(Data shown)

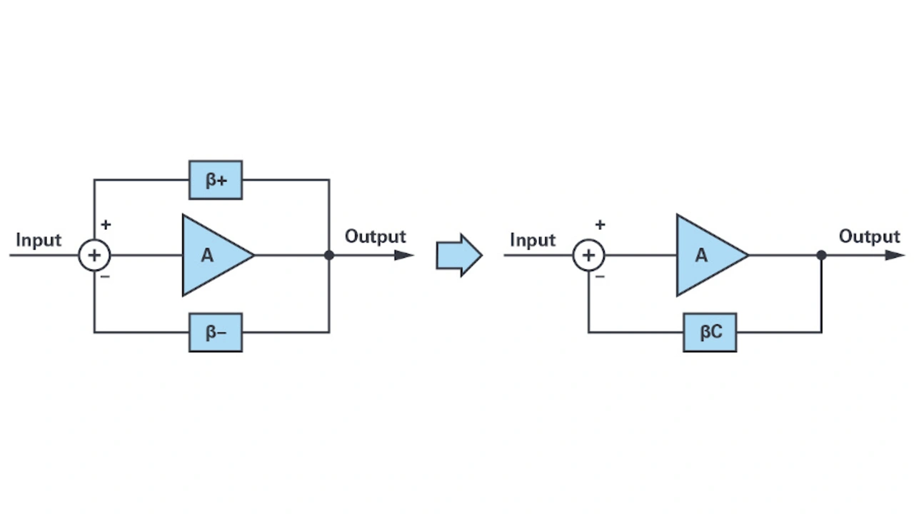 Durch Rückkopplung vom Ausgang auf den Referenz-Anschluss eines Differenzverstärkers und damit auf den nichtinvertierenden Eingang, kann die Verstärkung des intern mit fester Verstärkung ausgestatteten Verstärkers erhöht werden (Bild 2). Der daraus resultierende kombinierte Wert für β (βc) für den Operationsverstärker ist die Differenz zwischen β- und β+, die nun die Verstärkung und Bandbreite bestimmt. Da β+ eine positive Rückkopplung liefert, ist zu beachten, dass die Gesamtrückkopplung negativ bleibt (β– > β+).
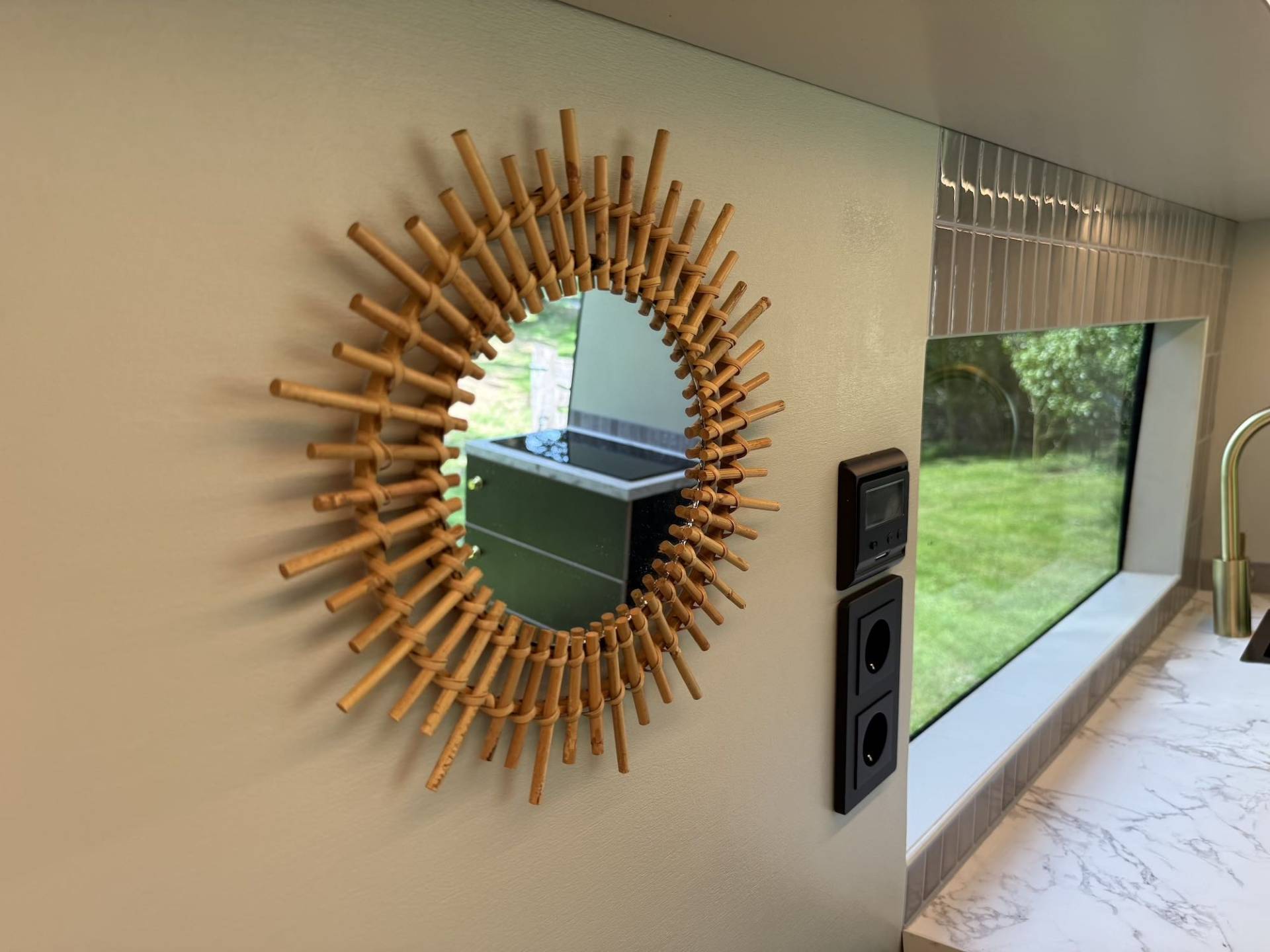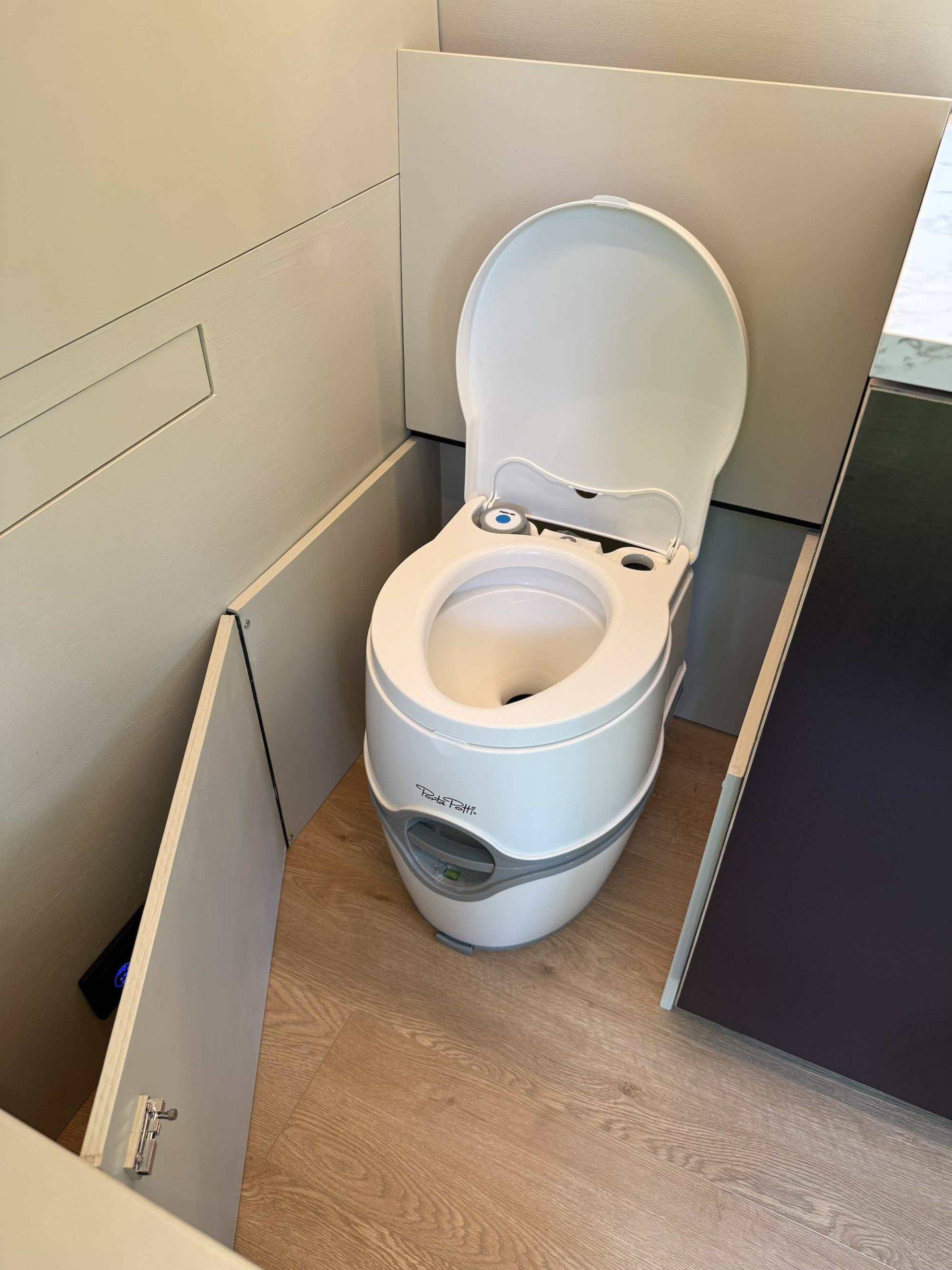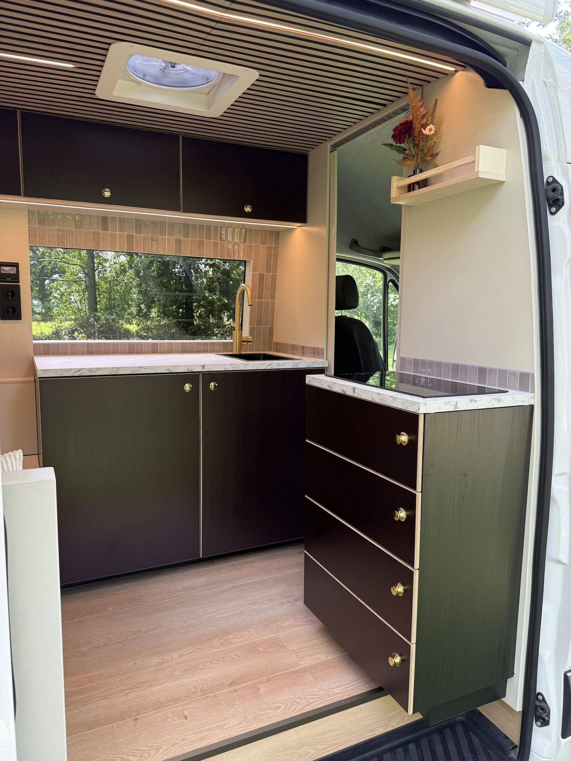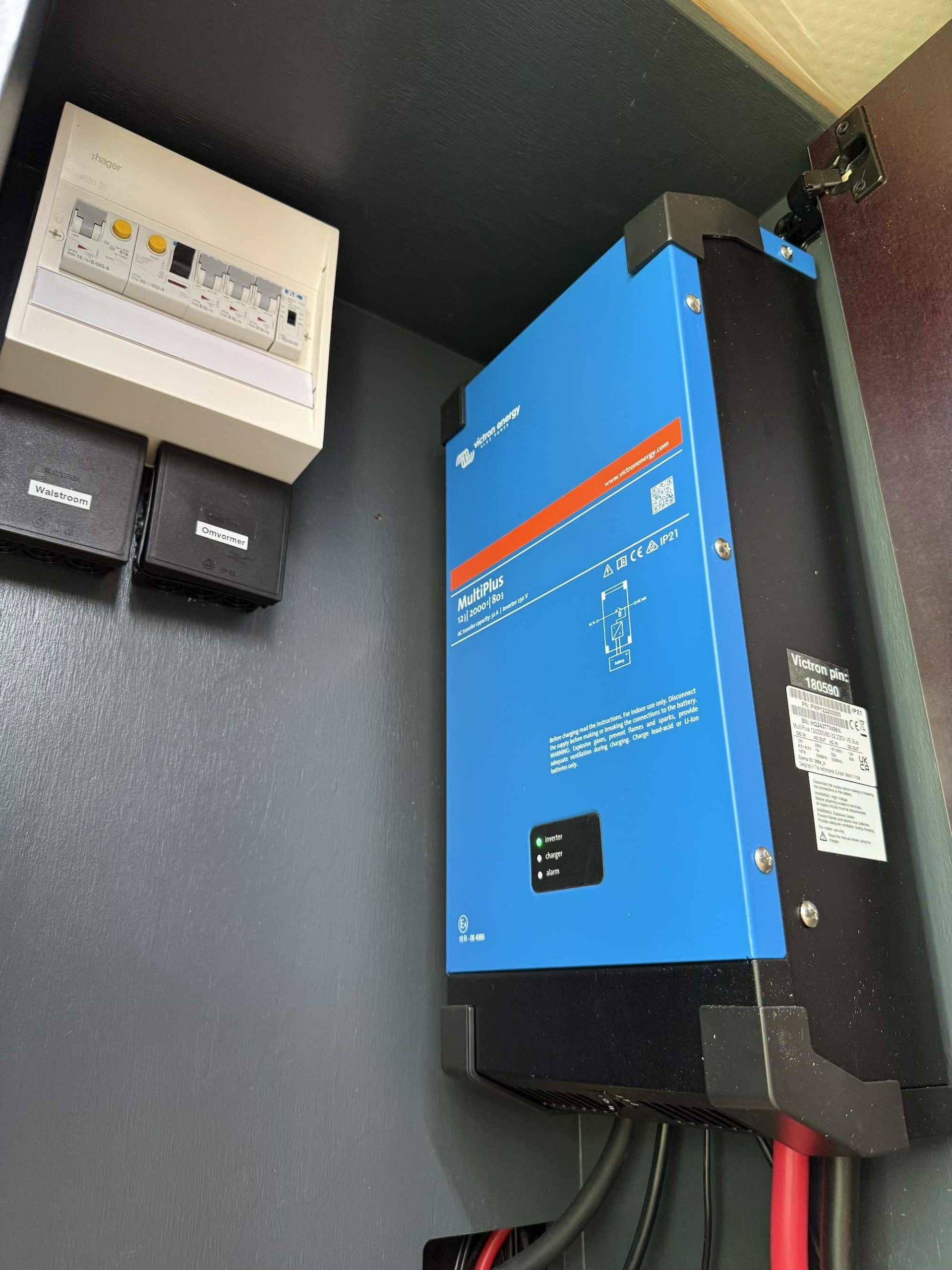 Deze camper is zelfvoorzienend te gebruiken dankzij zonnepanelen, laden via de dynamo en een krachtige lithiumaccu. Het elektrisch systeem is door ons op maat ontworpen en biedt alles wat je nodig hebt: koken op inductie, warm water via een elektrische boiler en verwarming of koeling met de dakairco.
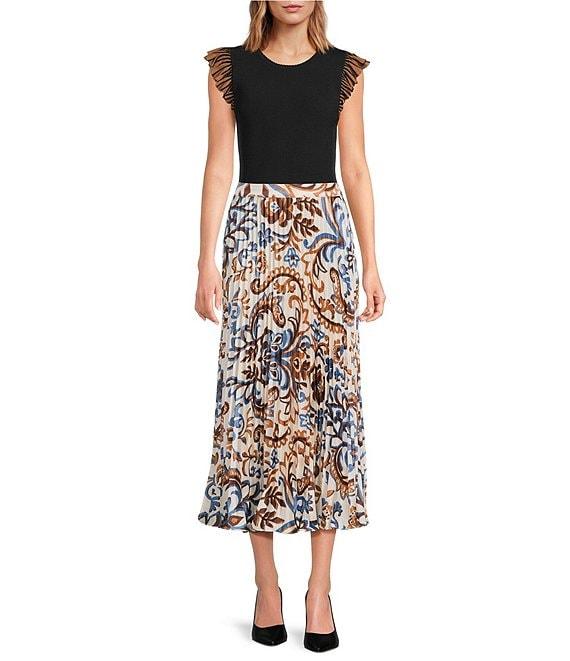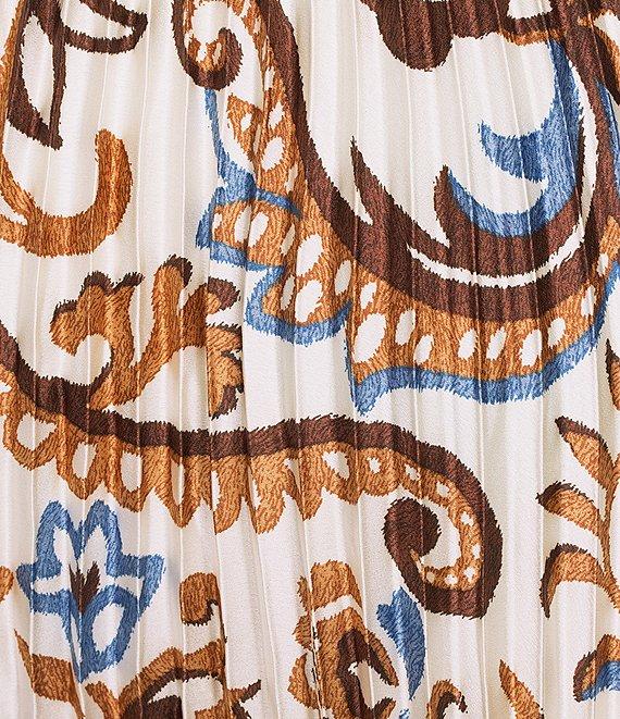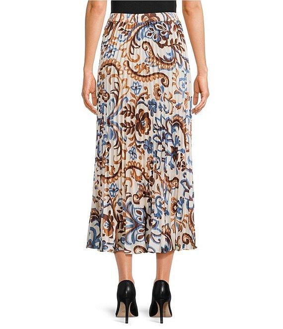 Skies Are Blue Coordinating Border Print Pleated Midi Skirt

(End Data shown)

■ **What needs to be done**:
Only the lines from the one containing "Deze camper is" through the last line of the material are to be restated word for word; no picture is to be included.

■ **Answer space**:
 Deze camper is zelfvoorzienend te gebruiken dankzij zonnepanelen, laden via de dynamo en een krachtige lithiumaccu. Het elektrisch systeem is door ons op maat ontworpen en biedt alles wat je nodig hebt: koken op inductie, warm water via een elektrische boiler en verwarming of koeling met de dakairco.
 Skies Are Blue Coordinating Border Print Pleated Midi Skirt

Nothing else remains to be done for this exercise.